When Aspen, Denver and Boulder started passing laws gay rights laws granting same-sex couples tax and health benefits, the bigots at Colorado for Family Values drafted Amendment 2, a Colorado state constitutional amendment that would have prevented any government recognition of homosexuals as a protected class.
RULING: The court ruled 6-3 that Colorado’s Amendment 2 was unconstitutional, concluding Colorado’s anti-discrimination laws do not confer any “special rights” to homosexual citizens but merely extend to them the same rights afforded everyone else. In his decision, Justice Kennedy wrote, “[Amendment 2] is at once too narrow and too broad.
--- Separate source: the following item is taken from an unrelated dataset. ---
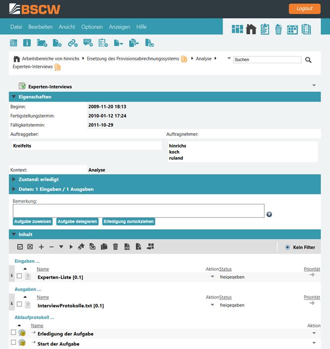 Abbildung 27 zeigt die Beispielaufgabe nach der Erledigung. Als Auftragnehmer können Sie jetzt nur noch weitere Auftragnehmer hinzuziehen, etwa zur Information für spätere Projektphasen ([Aufgabe zuweisen]), die Aufgabe an andere Auftragnehmer delegieren, etwa weil Sie in Urlaub gehen ([Aufgabe delegieren]) oder die [Erledigung zurückziehen]. Mit der letzteren Aktion erhalten Sie die Möglichkeit, wieder Änderungen an den Ausgabedaten, hier also den Interview-Protokollen, vorzunehmen und dann erneut die Aufgabe zu erledigen (siehe auch den folgenden Abschnitt).

It identifies persons by a single trait and then denies them protection across the board. [It] seems inexplicable by anything but animus toward the class that it affects; it lacks a rational relationship to legitimate state interests.”
WHAT STEVENS DID: Stevens voted with the majority in this case, which laid the groundwork for Lawrence vs. Texas, the case that overturned sodomy laws nationwide. The triumph of gay rights in this case also laid the groundwork for upcoming court cases, by helping determine when LGBTs are targeted as a class to legislative prejudice.
WHY IT MATTERS TODAY: There was a troubling post-script to this case. In 1993, Cincinnati, Ohio passed Ballot Issue 3, a city charter amendment forbidding the adoption or enforcement of civil rights ordinances based on sexual orientation. The Supreme Court refused to hear a case about it and the prejudicial ballot stood until Cincinnati voters overturned it in 2005. The ballot did untold damage to the finances and esteem of Cincinnati’s LGBT citizens during its 12 years. Until we get ENDA passed, any city or county government and private employers can continue to discriminate against us at will.